President Obama and Secretary Kerry may be thinking in terms of the
next few months, may be thinking about their own legacy, but the
Iranian regime is thinking in terms of years and decades. While this
deal may slow down Iran in the near term, in the long term it
legitimizes Iran's nuclear enrichment and drastically shortens its
breakout period for a bomb.
Under this agreement, in 10 years, Iran will transition from its
current IR-1 centrifuges--which is about, they say, 1960s technology--
to the large-scale production of IR-2m centrifuges, which are four or
five times faster than what Iran has today. In addition, this deal
gives Iran the option of building still more advanced IR-6 and IR-8
centrifuges down the road, which are 15 times faster at enriching
uranium. In other words, without once violating this agreement in a
decade, Iran will have reduced its breakout period for a bomb from a
few months to a few weeks. This agreement also allows Iran to keep its
fortified nuclear facilities, and it gives Iran access to conventional
weapons and ballistic missiles capable of delivering a warhead far
beyond Iran's borders.
Plus, under this agreement, Iran will have full access to
international markets and the materials and technical components it
needs to build a bomb, material that right now it can only access
through black-market channels. Iran is playing the long game, and in
the long term this is a very good deal for Iran.
Let's be clear about Iran's intentions regarding its nuclear program.
Iran is not simply interested in pursuing a nuclear enrichment program
for its civilian energy needs. Iran is interested in building a bomb.
Make no mistake about it, if Iran were only interested in producing
electricity, it wouldn't need a nuclear enrichment program.
Look at other countries that use nuclear power to produce
electricity. Sweden, for example, currently has 10 functioning nuclear
powerplants, but it does not have a domestic nuclear enrichment
program. Finland has four nuclear powerplants, but it does not conduct
its own nuclear enrichment. Ukraine, which voluntarily gave up its
post-Soviet nuclear arsenal in the 1990s, has 15 nuclear powerplants.
It does not conduct its own nuclear enrichment. Mexico, Bulgaria, the
Czech Republic, Spain, Switzerland, and South Africa--all these
countries have nuclear powerplants, but none of these countries
conducts its own nuclear enrichment and none of these countries needs
to conduct its own enrichment because the fuel can easily be obtained
in the world market, where there is actually a surplus of enriched
uranium.
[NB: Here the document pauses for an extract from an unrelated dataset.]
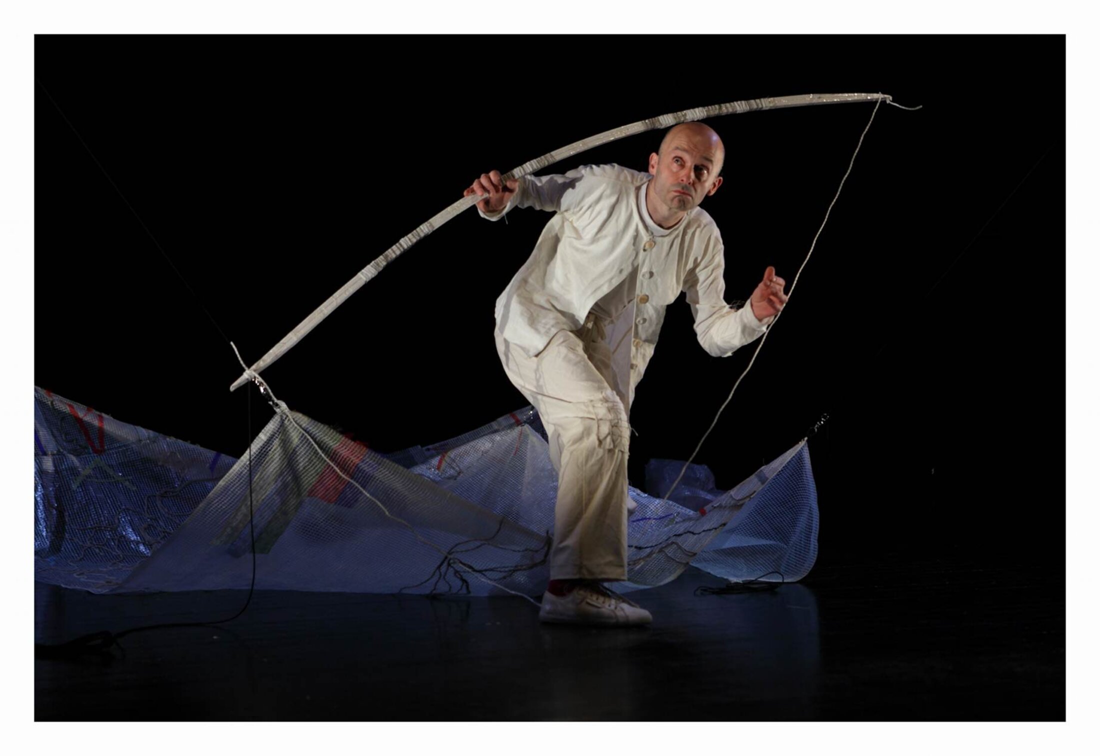 Le jeune metteur en scène Nicolas Saelens est entouré d’une équipe qui aide chacun à constituer son propre langage, un langage personnel où le poétique touche aux vérités concrètes de nos existences, l’enfermement, les croyances, les étapes de l’existence, l’ignorance, la peur... Autour d’un noyau stable de collaborateurs, l’inspiration inter-agit puissamment, en tout cas, avec audace ; c’est ludique et pertinent à la fois, impertinent, en quelque sorte, de manière à être entendu par le public le plus mixte et le plus large possible ; et le pari est réussi en tissant progressivement les éléments de l’ensemble à offrir. Quand il manque un mot, juste un mot au comédien Philippe Rodriguez-Jorda, l’auteur Kossi Éfoui fournit deux jours plus tard un catalogue où l’acteur puisera l’impulsion qui manquait à son rythme sur scène. Quand le texte apparaît trop abstrait, fuyant, insaisissable, la musicienne Karine Dumont va dynamiser la partie de partition sur laquelle la comédienne Angeline Bouille ouvrira de nouveaux cadres en soufflant les repères où s’enfermait, avec le personnage, l’équipe entière ; et les repères ne sautent qu’avec la connivence de tous, ou de chacun, ce qui revient au même, car ça repose, à la fraction de seconde près, aux effet de régie par la grâce d’Hervé Recorbet à la lumière, lequel peut même transformer des lancers de confettis comme autant de feux d’artifice. Quant au travail sur les objets, la matière, le tissu, le vent lui-même, on comprend qu’il provient d’un art sans cesse renouvelé de la marionnette, c’est-à-dire de transformation sous forme humaine, parlante, ouverte, joueuse : que serait ici la plastique sans le plasticien Norbert Choquet et la costumière Marie Ampe par lesquels tout commence, en donnant vie à un simple ectoplasme ? On ne se le demande même pas.

No one worries that these countries are on the verge of
building a bomb because their intentions are clear. They are only
interested in the electricity they can obtain from nuclear power, and
for this they don't need to enrich their own uranium.
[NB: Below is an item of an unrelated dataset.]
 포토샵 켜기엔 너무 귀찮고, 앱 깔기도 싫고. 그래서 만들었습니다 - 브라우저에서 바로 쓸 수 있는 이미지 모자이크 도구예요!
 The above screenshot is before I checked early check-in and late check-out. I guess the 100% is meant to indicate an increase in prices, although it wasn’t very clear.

Another striking example can be seen on the Korean Peninsula. South
Korea, a thriving democracy, has 23 operating nuclear powerplants. Yet
it does not have a commercial enrichment program or even a spent fuel
reprocessing facility. North Korea, on the other hand, chose to pursue
an undisclosed illicit nuclear enrichment program, and North Korea has
produced a nuclear bomb.
Based on Iran's behavior, is Iran trying to be more like South Korea,
with its multitude of powerplants and no enrichment capabilities, or
North Korea, which fails to provide its population with electricity but
still built a nuclear bomb. If Iran wants a peaceful, civilian, nuclear
energy program, it does not need to be enriching uranium.
Plain and simple, the only reason Iran needs a nuclear enrichment
program is if it is interested in developing a nuclear weapon. If Iran
wanted to silence all of its critics, if it wanted to prove that it is
operating in good faith, it could halt its nuclear enrichment facility
at Fordow and halt its domestic enrichment program altogether.
If President Obama had reached a deal that would accomplish this, the
Senate would not have sought a vote upon a resolution of disapproval.
Instead, Republicans and Democrats alike would have been supporting the
agreement praising the success of the negotiations, but that is not
what happened. Instead, the President agreed to a deal that validates
Iran's enrichment program, allows it to maintain its nuclear
facilities, and explicitly permits Iran to continue researching and
manufacturing advanced centrifuges. In other words, in a few short
years, this deal gives Iran everything it would need for the speedy
development of a nuclear weapon.
If Iran genuinely wants a peaceful nuclear energy program, it can put
everyone's concerns to rest and dismantle its uranium enrichment
structure. Short of that, Iran is telegraphing to the world that it
wants a nuclear bomb.
Mr. President, I wish to shift gears for just a moment and address an
assertion that Secretary Kerry has made numerous times throughout this
debate.
As we all know, one of the major points of contention surrounding
this deal is the side agreements between Iran and the International
Atomic Energy Agency, or the IAEA, that remain a secret. The nuclear
deal grants inspections at Iran's known nuclear sites, but the details
of these inspections are being kept secret between the IAEA and Iran.
Secretary Kerry has asserted that keeping these side agreements secret
is standard practice for the IAEA, but is that really the case? Are
private agreements between Iran and host countries the norm?
I wanted to find out. So last week I sat down with the former Deputy
Director of the IAEA, Olli Heinonen, and discussed the policies and
procedures of the IAEA with him at length. Mr. Heinonen is an expert on
this topic, having served with the IAEA for 27 years and personally
inspected, I might add, sites in Iran in the past. He was able to tell
me that keeping side agreements a secret is not standard for the IAEA.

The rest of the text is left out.